→ **Your objective**
Repeat verbatim what the listing holds, but not its pictures.

→ **Material provided**
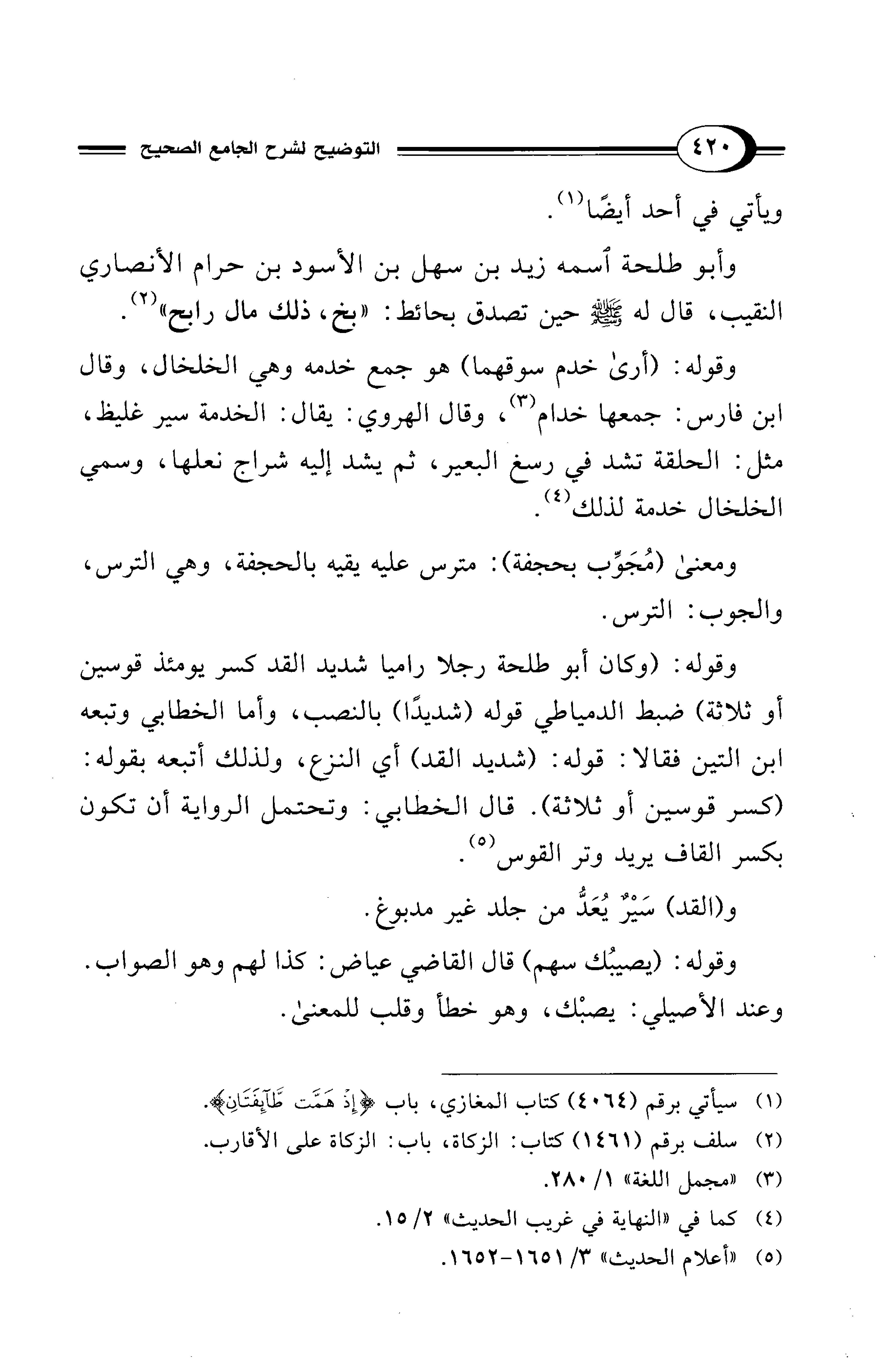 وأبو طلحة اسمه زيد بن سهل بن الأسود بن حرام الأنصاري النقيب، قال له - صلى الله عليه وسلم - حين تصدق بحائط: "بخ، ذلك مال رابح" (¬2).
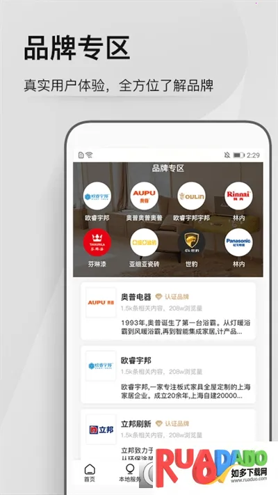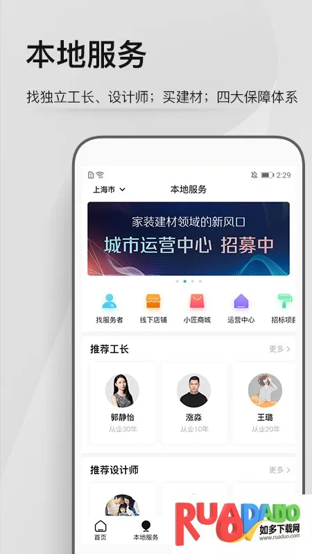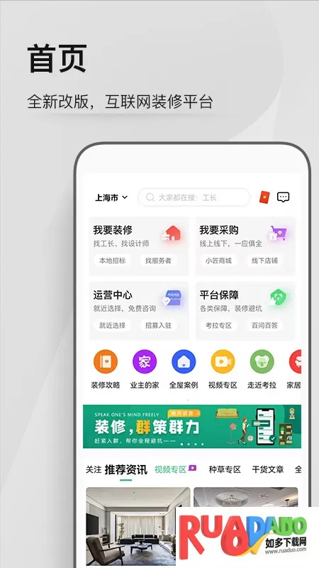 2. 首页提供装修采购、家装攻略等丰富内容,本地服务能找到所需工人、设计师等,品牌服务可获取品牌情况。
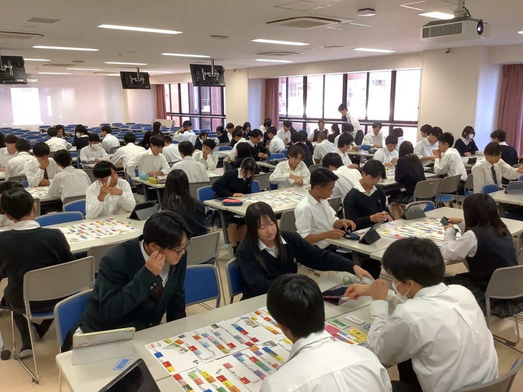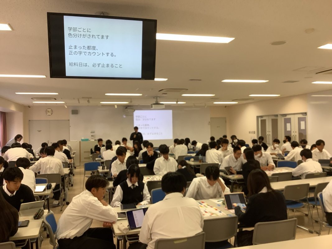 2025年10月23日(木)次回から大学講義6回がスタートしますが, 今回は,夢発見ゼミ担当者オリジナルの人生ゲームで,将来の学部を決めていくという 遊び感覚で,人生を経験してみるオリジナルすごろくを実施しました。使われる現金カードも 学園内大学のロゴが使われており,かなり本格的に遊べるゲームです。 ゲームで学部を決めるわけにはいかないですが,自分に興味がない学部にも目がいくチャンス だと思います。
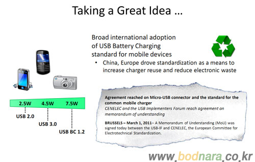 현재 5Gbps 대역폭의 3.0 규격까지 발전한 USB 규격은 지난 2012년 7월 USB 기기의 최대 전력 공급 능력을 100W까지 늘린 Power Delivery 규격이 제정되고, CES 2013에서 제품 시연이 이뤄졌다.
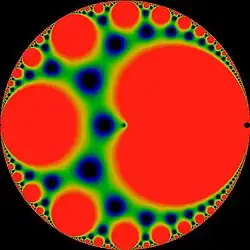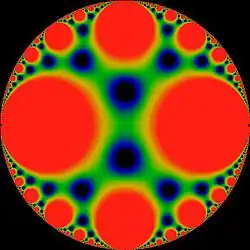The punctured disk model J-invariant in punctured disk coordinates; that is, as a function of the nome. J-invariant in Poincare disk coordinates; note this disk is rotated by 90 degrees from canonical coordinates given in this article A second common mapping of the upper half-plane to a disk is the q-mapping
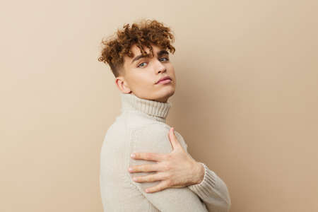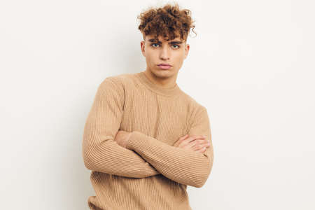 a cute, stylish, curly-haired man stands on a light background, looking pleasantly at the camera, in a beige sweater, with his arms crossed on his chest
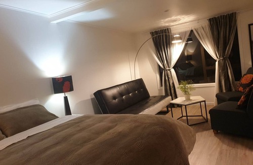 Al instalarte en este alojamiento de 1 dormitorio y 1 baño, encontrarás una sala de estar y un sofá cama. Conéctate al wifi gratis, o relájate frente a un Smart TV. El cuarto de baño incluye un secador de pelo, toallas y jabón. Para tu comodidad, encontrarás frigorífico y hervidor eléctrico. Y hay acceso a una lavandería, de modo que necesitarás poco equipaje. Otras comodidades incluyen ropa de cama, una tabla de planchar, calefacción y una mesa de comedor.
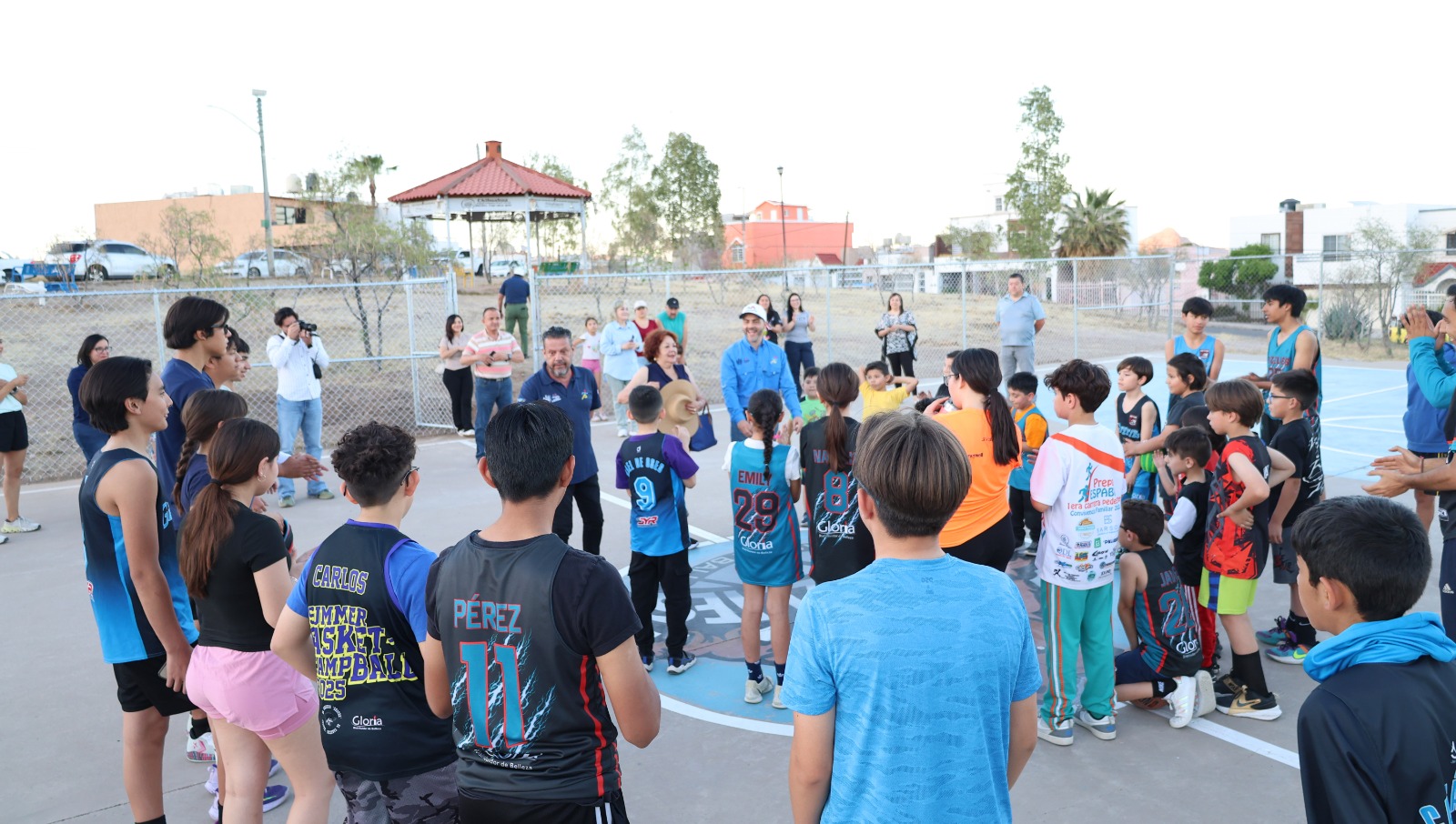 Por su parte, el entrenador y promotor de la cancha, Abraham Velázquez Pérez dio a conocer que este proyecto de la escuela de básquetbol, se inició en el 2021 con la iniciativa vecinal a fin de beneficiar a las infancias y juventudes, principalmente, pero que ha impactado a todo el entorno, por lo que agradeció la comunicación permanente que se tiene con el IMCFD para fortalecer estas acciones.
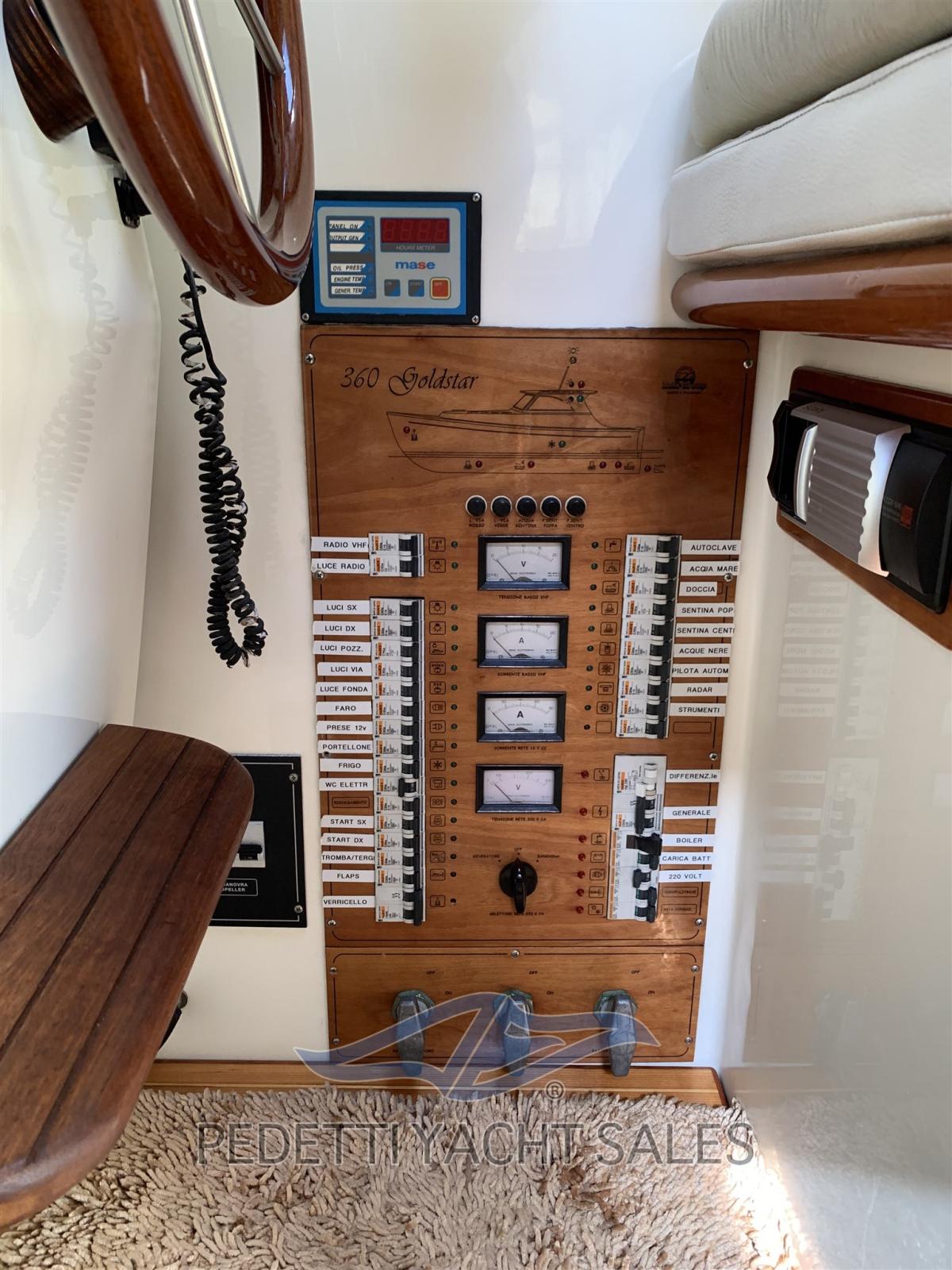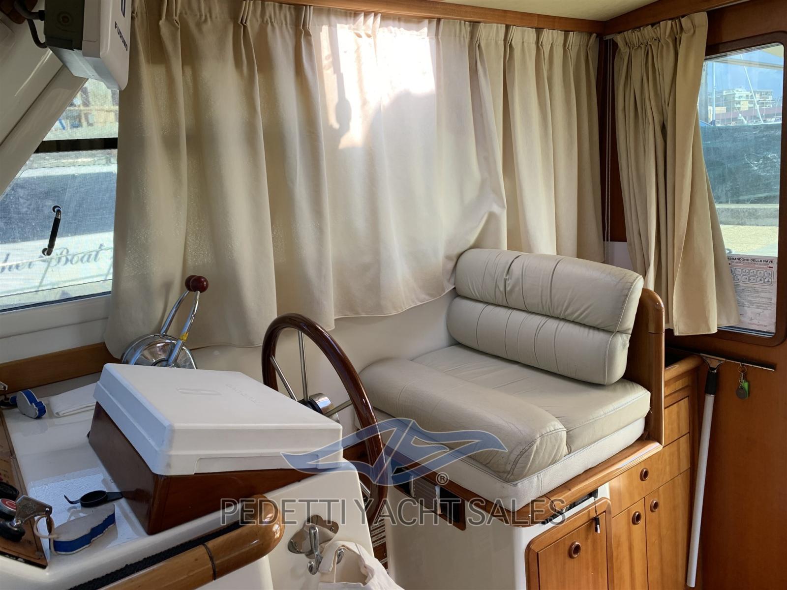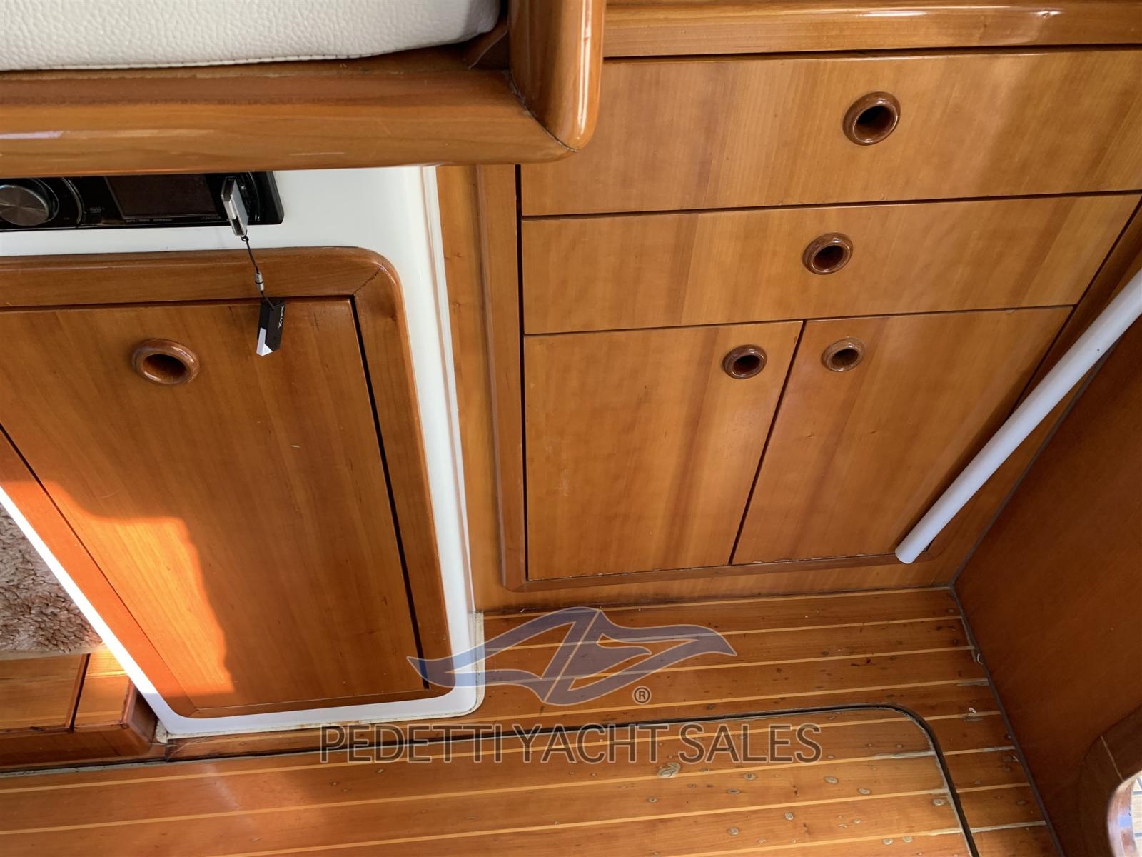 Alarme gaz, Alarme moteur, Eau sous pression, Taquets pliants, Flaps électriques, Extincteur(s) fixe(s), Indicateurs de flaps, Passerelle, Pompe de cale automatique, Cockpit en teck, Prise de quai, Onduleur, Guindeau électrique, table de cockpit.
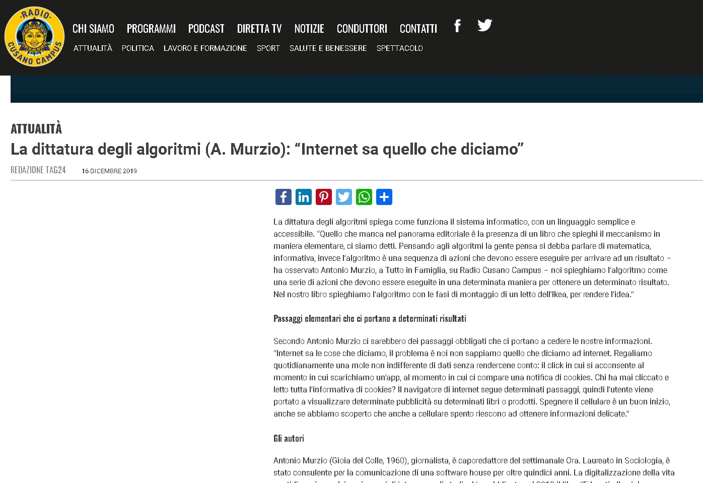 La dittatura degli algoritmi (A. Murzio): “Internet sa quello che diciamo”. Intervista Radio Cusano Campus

→ **Reply**
 وأبو طلحة اسمه زيد بن سهل بن الأسود بن حرام الأنصاري النقيب، قال له - صلى الله عليه وسلم - حين تصدق بحائط: "بخ، ذلك مال رابح" (¬2).
 2. 首页提供装修采购、家装攻略等丰富内容,本地服务能找到所需工人、设计师等,品牌服务可获取品牌情况。
 2025年10月23日(木)次回から大学講義6回がスタートしますが, 今回は,夢発見ゼミ担当者オリジナルの人生ゲームで,将来の学部を決めていくという 遊び感覚で,人生を経験してみるオリジナルすごろくを実施しました。使われる現金カードも 学園内大学のロゴが使われており,かなり本格的に遊べるゲームです。 ゲームで学部を決めるわけにはいかないですが,自分に興味がない学部にも目がいくチャンス だと思います。
 현재 5Gbps 대역폭의 3.0 규격까지 발전한 USB 규격은 지난 2012년 7월 USB 기기의 최대 전력 공급 능력을 100W까지 늘린 Power Delivery 규격이 제정되고, CES 2013에서 제품 시연이 이뤄졌다.
The punctured disk model J-invariant in punctured disk coordinates; that is, as a function of the nome. J-invariant in Poincare disk coordinates; note this disk is rotated by 90 degrees from canonical coordinates given in this article A second common mapping of the upper half-plane to a disk is the q-mapping
 a cute, stylish, curly-haired man stands on a light background, looking pleasantly at the camera, in a beige sweater, with his arms crossed on his chest
 Al instalarte en este alojamiento de 1 dormitorio y 1 baño, encontrarás una sala de estar y un sofá cama. Conéctate al wifi gratis, o relájate frente a un Smart TV. El cuarto de baño incluye un secador de pelo, toallas y jabón. Para tu comodidad, encontrarás frigorífico y hervidor eléctrico. Y hay acceso a una lavandería, de modo que necesitarás poco equipaje. Otras comodidades incluyen ropa de cama, una tabla de planchar, calefacción y una mesa de comedor.
 Por su parte, el entrenador y promotor de la cancha, Abraham Velázquez Pérez dio a conocer que este proyecto de la escuela de básquetbol, se inició en el 2021 con la iniciativa vecinal a fin de beneficiar a las infancias y juventudes, principalmente, pero que ha impactado a todo el entorno, por lo que agradeció la comunicación permanente que se tiene con el IMCFD para fortalecer estas acciones.
 Alarme gaz, Alarme moteur, Eau sous pression, Taquets pliants, Flaps électriques, Extincteur(s) fixe(s), Indicateurs de flaps, Passerelle, Pompe de cale automatique, Cockpit en teck, Prise de quai, Onduleur, Guindeau électrique, table de cockpit.
 La dittatura degli algoritmi (A. Murzio): “Internet sa quello che diciamo”. Intervista Radio Cusano Campus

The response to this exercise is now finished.